Before coming to Canada – Ottawa really – Obama with clear partisan support in the US Congress was able to give his assent to the $787-billion dollar economic recovery bill to stimulate credit, spending and staunch the job loss and create new jobs where possible. The bill provides increases in federal backing for states’ social services, infrastructure and education funding.

In a half hour private introductory meeting with conservative leader Harper, they discussed and appeared to agree to a common agenda for stimulating their twinned domestic economies with the aim of a global catalyzing effect.

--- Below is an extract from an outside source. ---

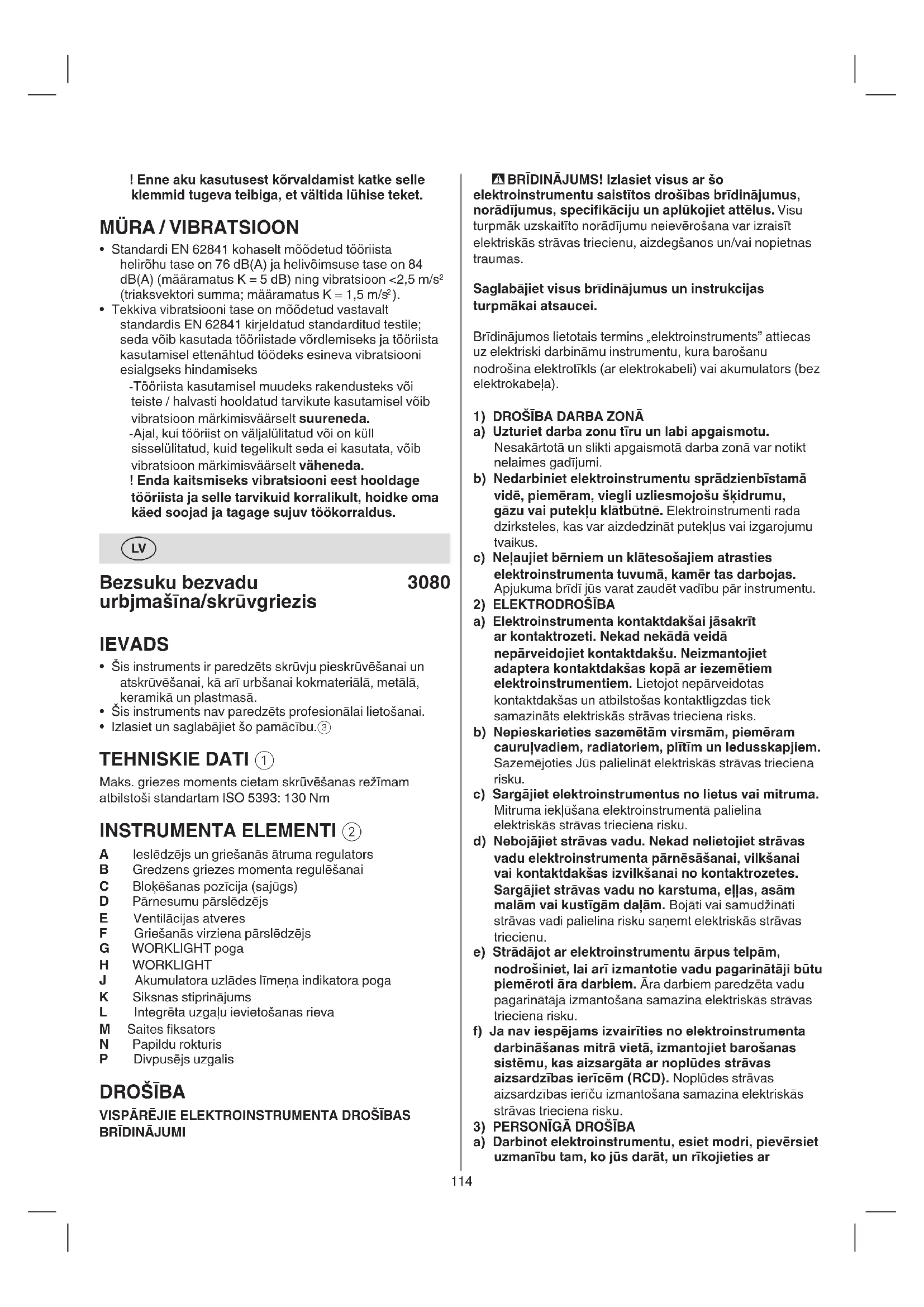 - Vibrācijas līmenis ir noteikts, izmantojot standartā EN 62841 paredzēto procedūru; to var izmantot, lai salīdzinātu instrumentus un provizoriski izvērtētu vibrācijas iedarbību, lietojot instrumentu minētajiem mērķiem - instrumenta izmantošana citiem mērķiem vai ar citiem vai nepietiekami koptiem piederumiem var ievērojami palielināt kopējo vibrācijas iedarbības pakāpi - laika periodi, kad instruments ir izslēgts vai arī ir ieslēgts, taču darbs ar to nenotiek, var ievērojami samazināt kopējo vibrācijas iedarbības pakāpi, samazinot iedarbības līmeni ! pasargājiet sevi no vibrācijas iedarbības, veicot instrumenta un tā piederumu tehnisko apkopi, novēršot roku atdzišanu un pareizi organizējot darbu119 nepasitikėkite ir nepraraskite budrumo, kad paisytumėte saugaus įrankio naudojimo taisyklių. Užtenka akimirkos išsiblaškymo, kad dėl neatsargaus veiksmo sunkiai susižalotumėte.

They also agreed to a US/Canada Clean Energy Dialogue for environmental protection and energy security and finally, according to both men, discussions on international peace and stability while taking specifically into account the war in Afghanistan, where Canada is America’s prime partner.

We should not expect that there not be criticism of the plans at reviving the economies. Across the Atlantic pond in the UK, where Gordon Brown’s Labour government has reduced the rate of VAT and recapitalised several banks, at a cost of billions of pounds, Conservatives and Liberal Democrats have criticised the temporary 2.5 per cent VAT reduction, estimated to have cost £12.5 billion as a waste of money.

The BBC cites a poll of 5,000 small firms by the Federation of Small Businesses as suggesting 97 per cent felt it had made  “no impact at all”.

But as Business Secretary Lord Peter Mandelson told the US Council for Foreign Relations on February 17, the fact the recovery would be complex gave political opponents plenty of opportunities to exploit and warned: “There is no value in trying to create frenzy around these issues everyday”.

Criticism is one thing. Seeming indifference to the plight of suffering people is another and this is the message communicated by those Republican governors who have said they may not take all or part of the money.

Louisiana Governor Bobby Jindal, who has often been mentioned as a potential Republican presidential candidate for the 2012 elections, said Friday he would not take Louisiana’s portion of the unemployment money as in three years time the state would have to increase taxes to continue the unemployment support.

Somehow there seems to be an echo of Marie Antoinette’s “the people want bread, let them eat cake” laissez faire, do-nothing attitude. And somehow it appears to describe a kind of new kind of global class war with a alignment of strange bedfellows.

Even as banks and other financial institutions collapse and their top executives like Bernard L. Madoff and Allan Sandford are carted off to jail on Ponzi scheme, fraud and deception charges, capitalists in the real economy such as Caterpillar’s CEO James Owens and the motor industry execs are not averse to the stimulus package.

The GOP’s solution seems to be in Adam Smith’s “invisible hand” of the market taking the place of good government.  But the market is like religion that is built up largely around metaphysics rather than physics. Governments today must treat the economy and the market as pragmatically as they treat religion: like China, still wedded to its communist ideology but using market theories to achieve social goals.

Humanity has had enough time to learn the lessons of history and revolutions do not have to be bloody affairs, which is the option when things are left to fester while waiting on Smith’s invisible hand or religion’s hand of god: people are exasperated and become violent.

It is, as we have seen, a global confidence game (ask Madoff, ha) and happily Canada’s conservatives are a more pragmatic lot than those to our south whose fiscal and social ideologies seem deeply intertwined – despite their selection of the first African-American secretaries of state and party leader.

Happily, even in the midwinter frost, many ordinary Canadians braved the weather to shower warmth on President Obama in Ottawa and in expressing his love for his northern neighbour, he has promised to return when even the weather is more favourable. Yes he can remember that.

Caption: Barack Obama listens intently to Canada’s head of state, Governor General Michaëlle Jean, after she welcomed him to Ottawa, Thursday, February 19, for a short official visit. Jean, born in Haiti, is the first person of African ancestry to be Canadian head of state, a mostly ceremonial role and Obama the first to lead the United States.